EXERCISE INSTRUCTIONS
In your copy of the data, omit the pictures and keep all else exactly as given.

[[ AVAILABLE DATA open ]]

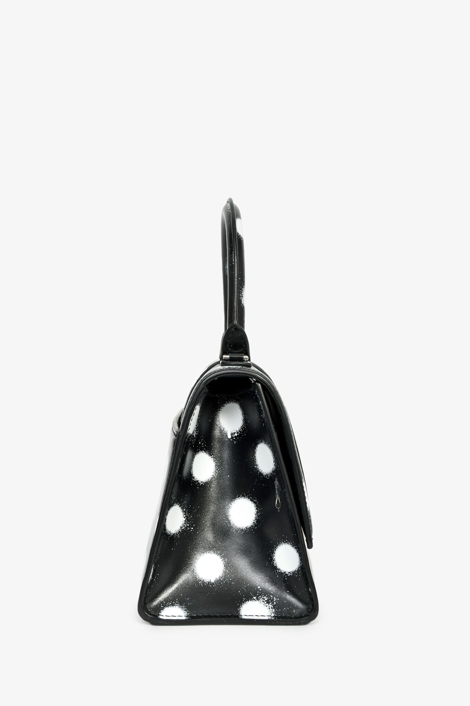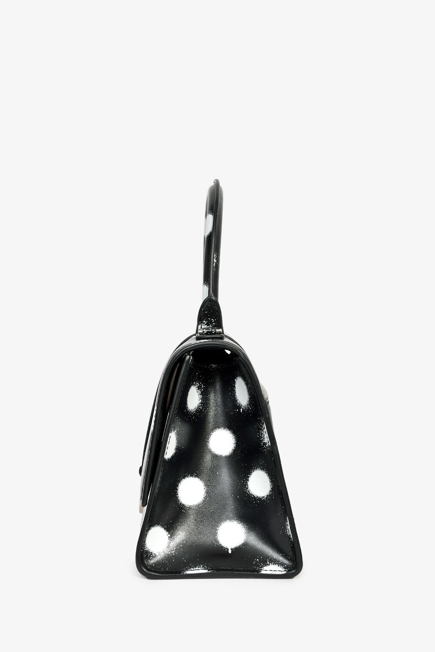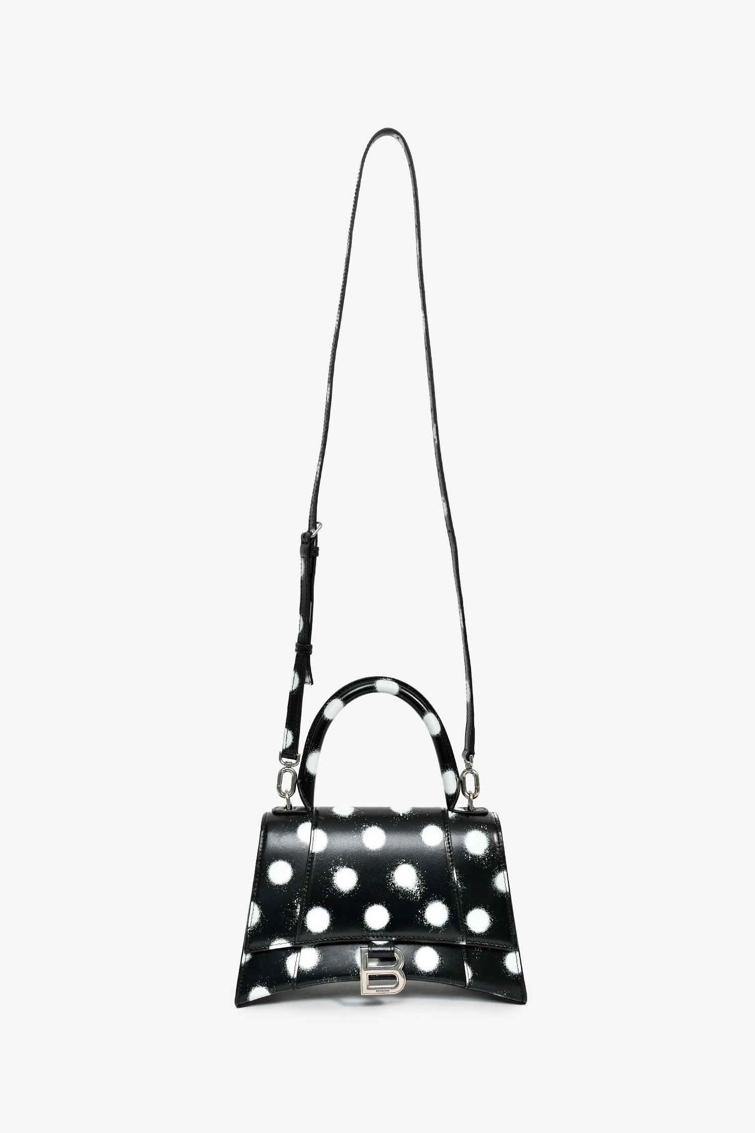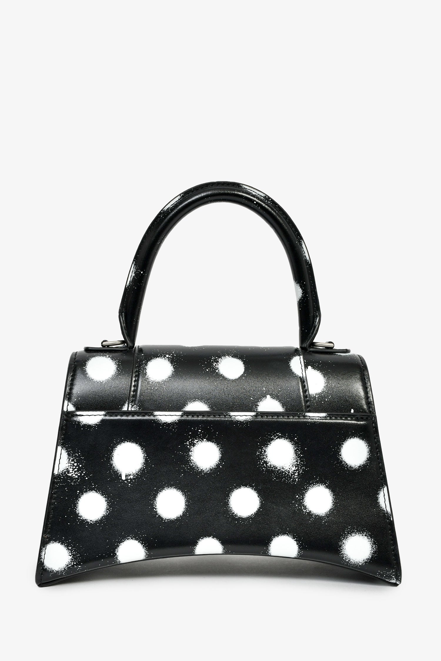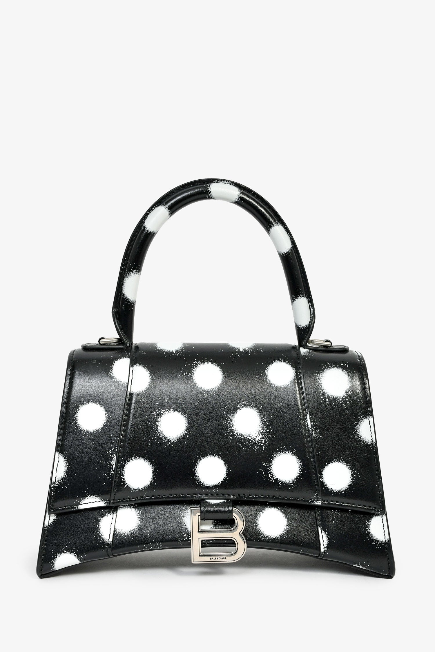 Balenciaga Black/White Leather Polk-a-Dot Small 'Hourglass' Top Handle Bag
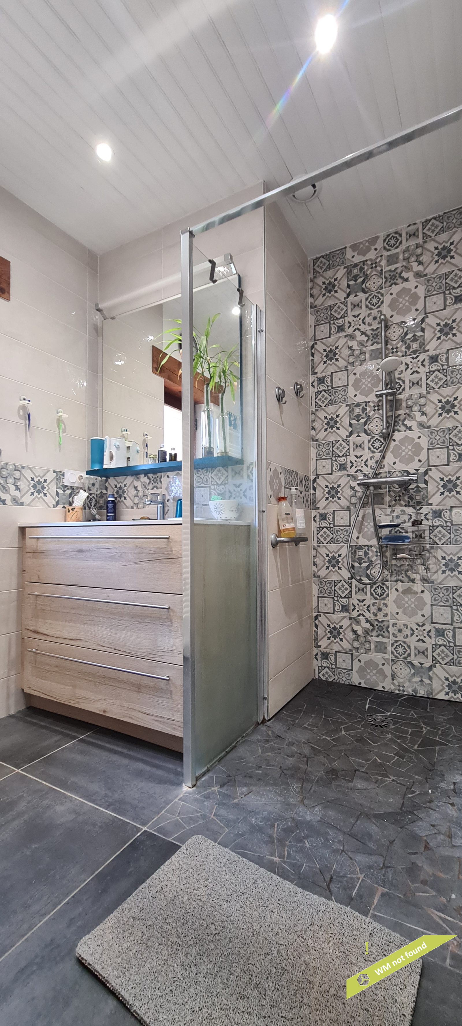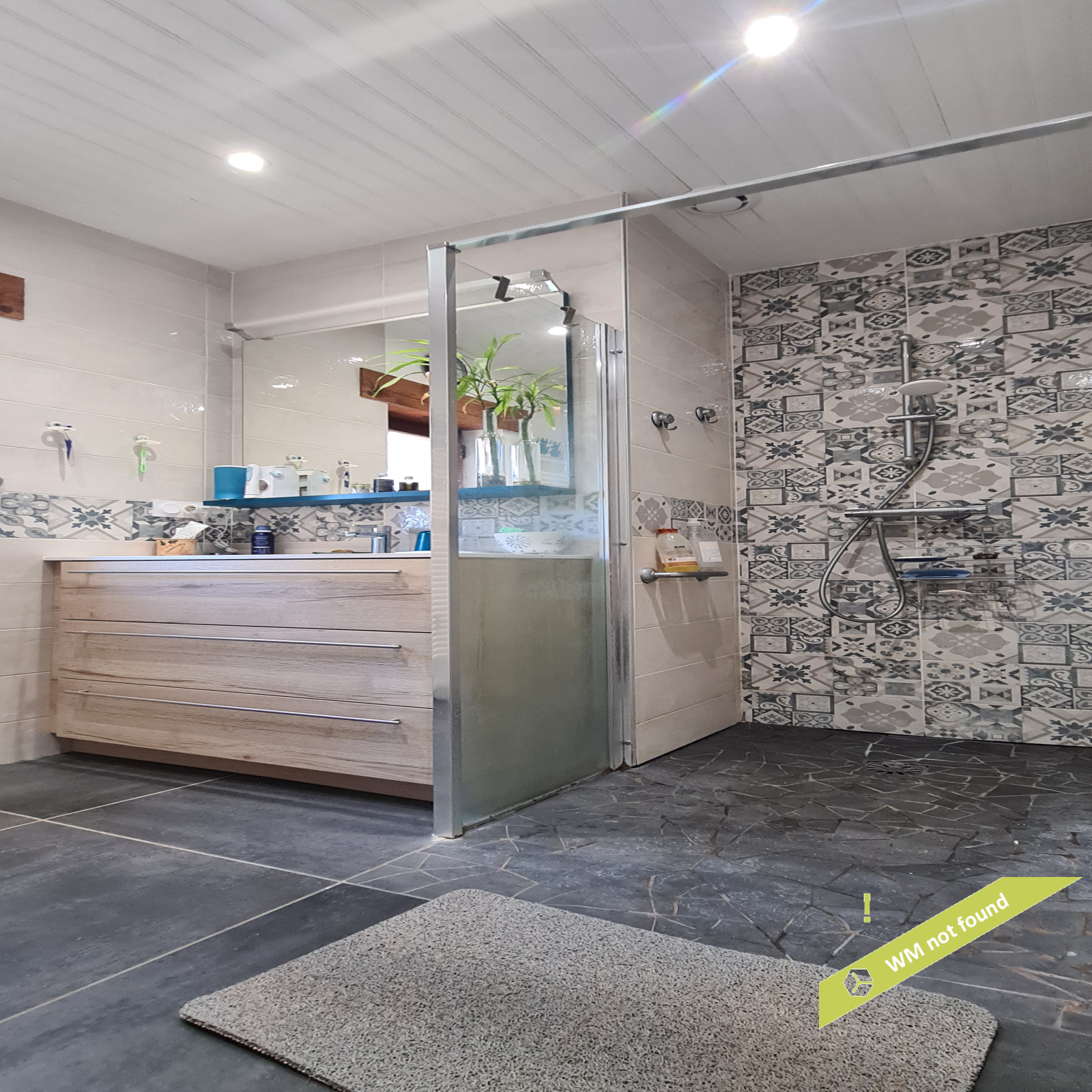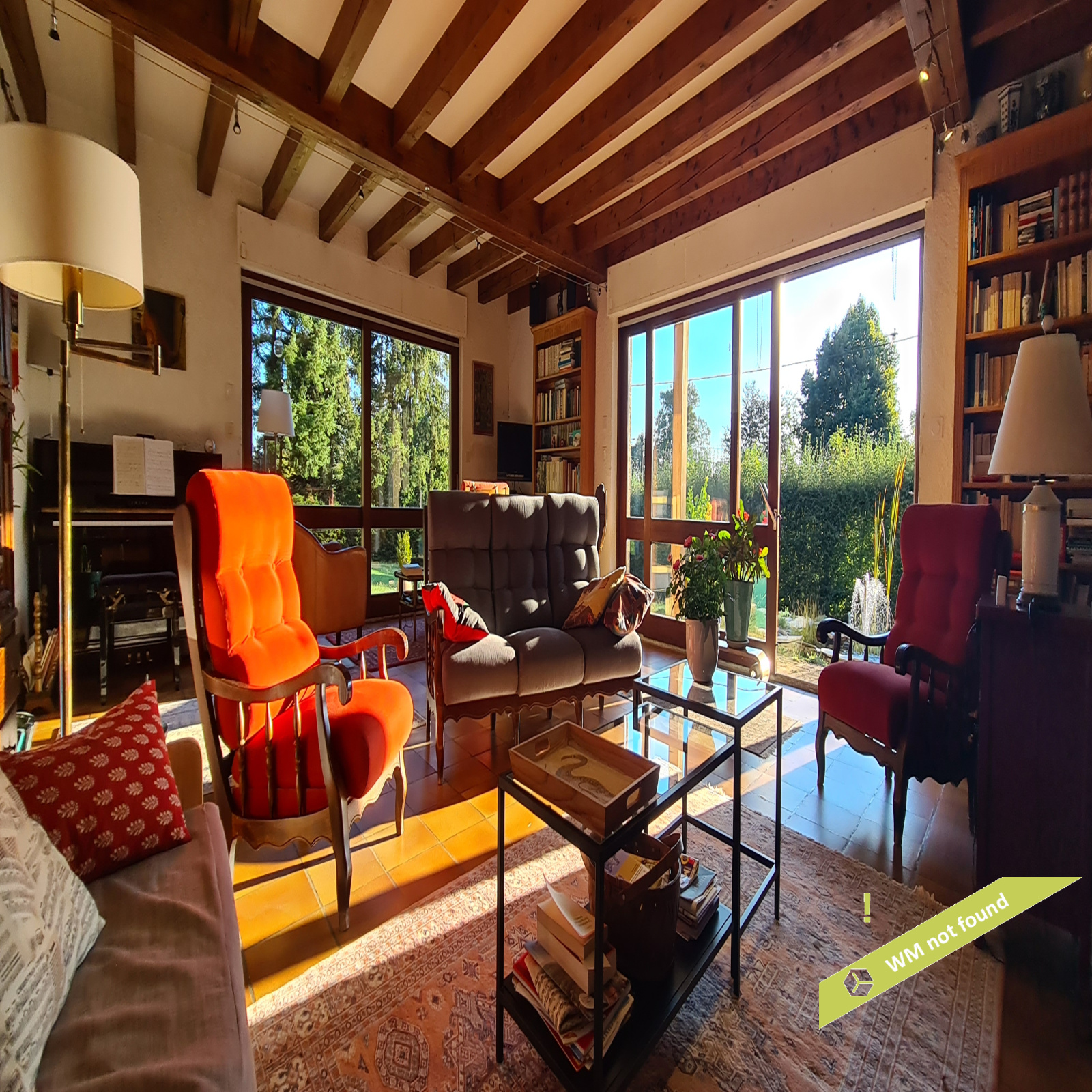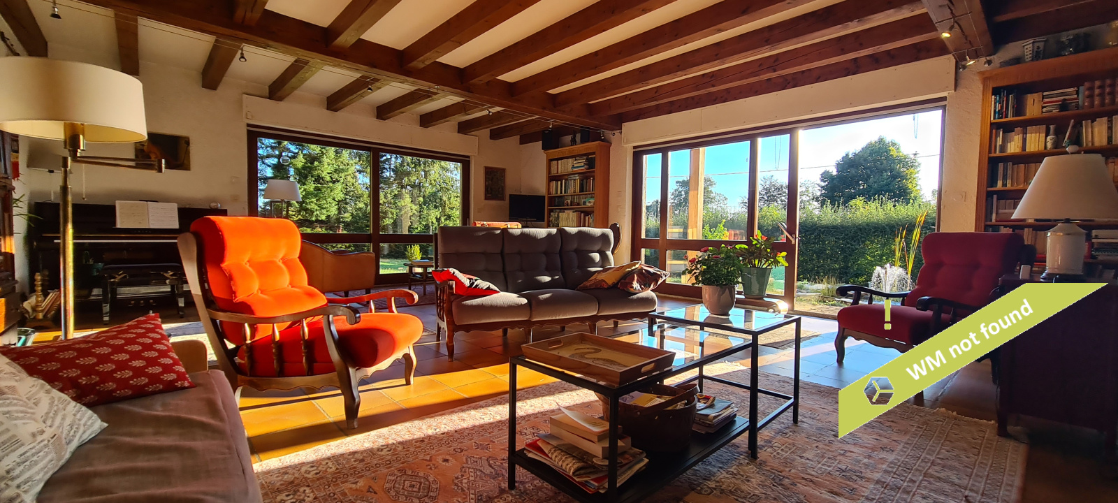 - le rez-de-chaussée est composé d'un hall d'entrée desservant un salon (51,11 m²) agrémenté de larges baies vitrées donnant sur le jardin, d'une cuisine/salle-à-manger ouverte (25,87 m²), d'un cellier, d'un bureau (13,93 m²), d'une chambre (14,21 m²), d'une salle d'eau avec wd (9,82 m²) et d'un wc indépendant.
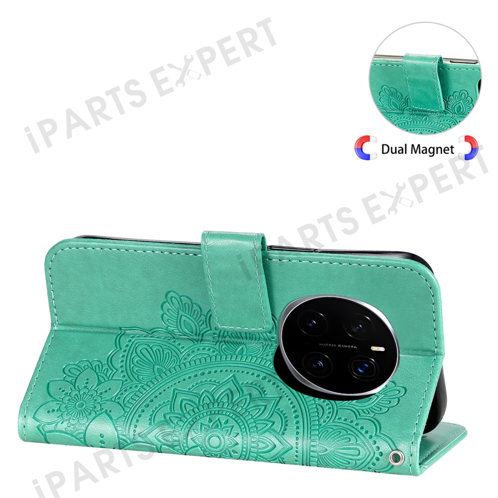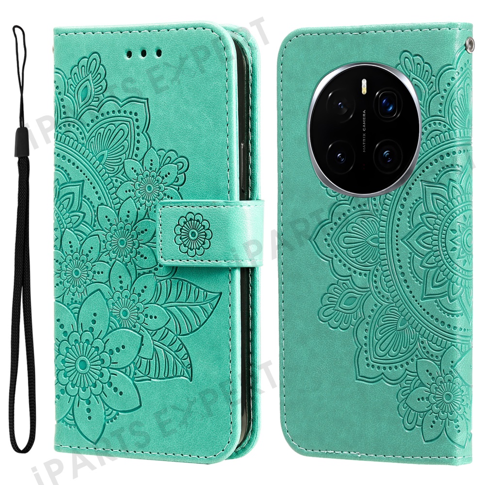 For Honor Magic7 Pro 5G Case Floral Pattern PU Leather Wallet Stand Phone Cover - Green
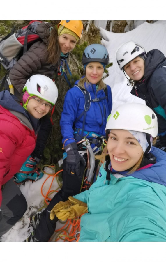 • Alenka Verbuč: Tabor, na katerega sem se prijavila v rahlih dvomih, če s svojo kratko kilometrino v zimskih vzponih sploh sodim tja. Ampak, za kaj pa so tabori, če ne za nabiranje izkušenj in učenje od izkušenejših? Ta vikend je presegel vsa pričakovanja. 24 močnih, snega, ledu in skale željnih punc, pozitivna energija, nova prijateljstva, nepozabne zgodbe, sproščene debate, spodbudne besede, učenje malih skrivnosti velikih mojstric, cel žur na štantih, prekratke noči, zavedanje, da babe zmoremo, odlično vreme (kljub tako številčni ekipi punc), dobra organizacija s strani Anje in Neli, navdihujoče predavanje Jasne Pečjak, prijaznost in ustrežljivost oskrbnikov na Mihovem domu... Vse to in še več je bil prvi ženski zimski tabor. Upam, da tradicionalen. Res sem vesela in hvaležna, da sem imela priložnost biti zraven.
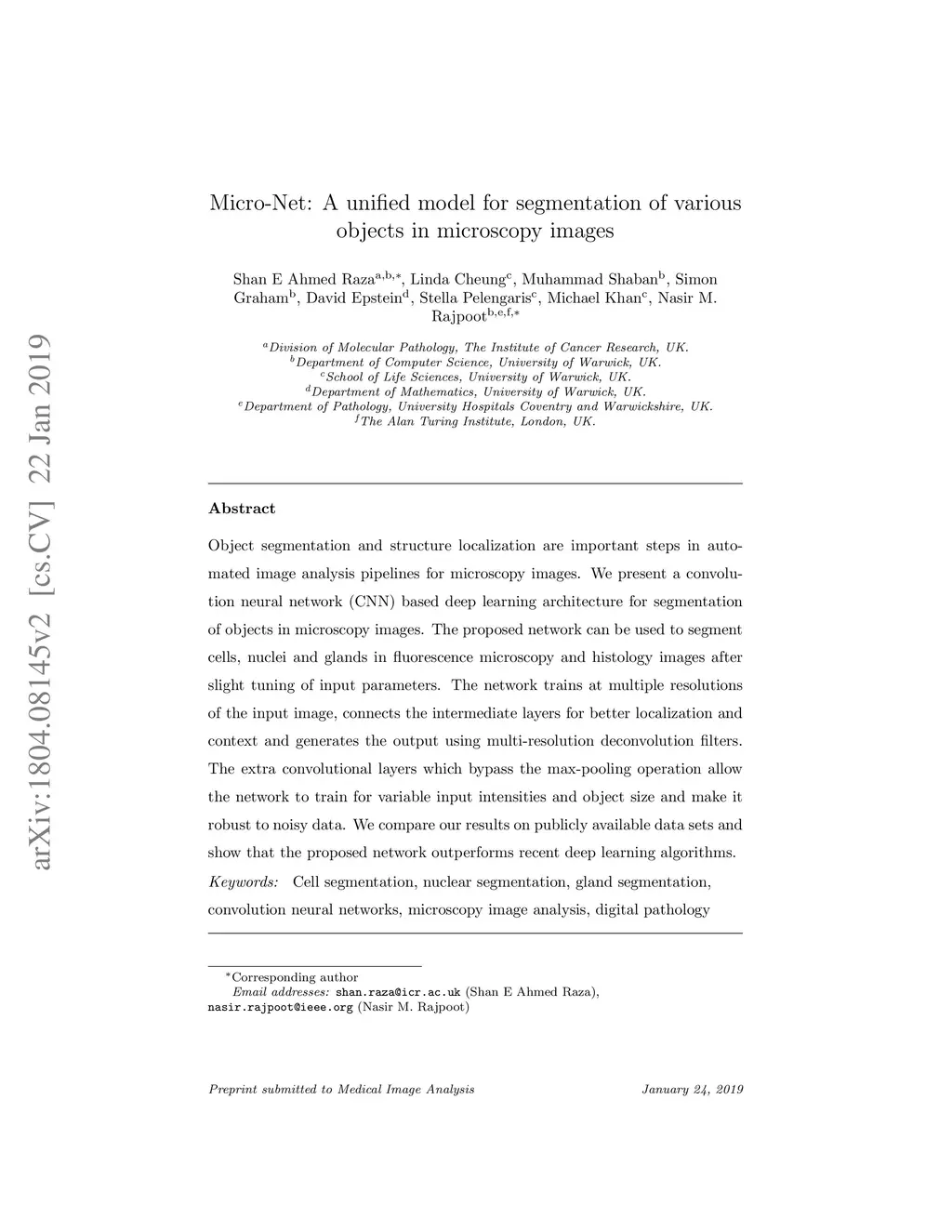 Object segmentation and structure localization are important steps in automated image analysis pipelines for microscopy images. We present a convolution neural network (CNN) based deep learning architecture for segmentation of objects in microscopy images. The proposed network can be used to segment cells, nuclei and glands in fluorescence microscopy and histology images after slight tuning of input parameters. The network trains at multiple resolutions of the input image, connects the intermediate layers for better localization and context and generates the output using multi-resolution deconvolution filters. The extra convolutional layers which bypass the max-pooling operation allow the network to train for variable input intensities and object size and make it robust to noisy data. We compare our results on publicly available data sets and show that the proposed network outperforms recent deep learning algorithms.

[[ AVAILABLE DATA closed ]]

REPLY TO THE EXERCISE
 Balenciaga Black/White Leather Polk-a-Dot Small 'Hourglass' Top Handle Bag
 - le rez-de-chaussée est composé d'un hall d'entrée desservant un salon (51,11 m²) agrémenté de larges baies vitrées donnant sur le jardin, d'une cuisine/salle-à-manger ouverte (25,87 m²), d'un cellier, d'un bureau (13,93 m²), d'une chambre (14,21 m²), d'une salle d'eau avec wd (9,82 m²) et d'un wc indépendant.
 For Honor Magic7 Pro 5G Case Floral Pattern PU Leather Wallet Stand Phone Cover - Green
 • Alenka Verbuč: Tabor, na katerega sem se prijavila v rahlih dvomih, če s svojo kratko kilometrino v zimskih vzponih sploh sodim tja. Ampak, za kaj pa so tabori, če ne za nabiranje izkušenj in učenje od izkušenejših? Ta vikend je presegel vsa pričakovanja. 24 močnih, snega, ledu in skale željnih punc, pozitivna energija, nova prijateljstva, nepozabne zgodbe, sproščene debate, spodbudne besede, učenje malih skrivnosti velikih mojstric, cel žur na štantih, prekratke noči, zavedanje, da babe zmoremo, odlično vreme (kljub tako številčni ekipi punc), dobra organizacija s strani Anje in Neli, navdihujoče predavanje Jasne Pečjak, prijaznost in ustrežljivost oskrbnikov na Mihovem domu... Vse to in še več je bil prvi ženski zimski tabor. Upam, da tradicionalen. Res sem vesela in hvaležna, da sem imela priložnost biti zraven.
 Object segmentation and structure localization are important steps in automated image analysis pipelines for microscopy images. We present a convolution neural network (CNN) based deep learning architecture for segmentation of objects in microscopy images. The proposed network can be used to segment cells, nuclei and glands in fluorescence microscopy and histology images after slight tuning of input parameters. The network trains at multiple resolutions of the input image, connects the intermediate layers for better localization and context and generates the output using multi-resolution deconvolution filters. The extra convolutional layers which bypass the max-pooling operation allow the network to train for variable input intensities and object size and make it robust to noisy data. We compare our results on publicly available data sets and show that the proposed network outperforms recent deep learning algorithms.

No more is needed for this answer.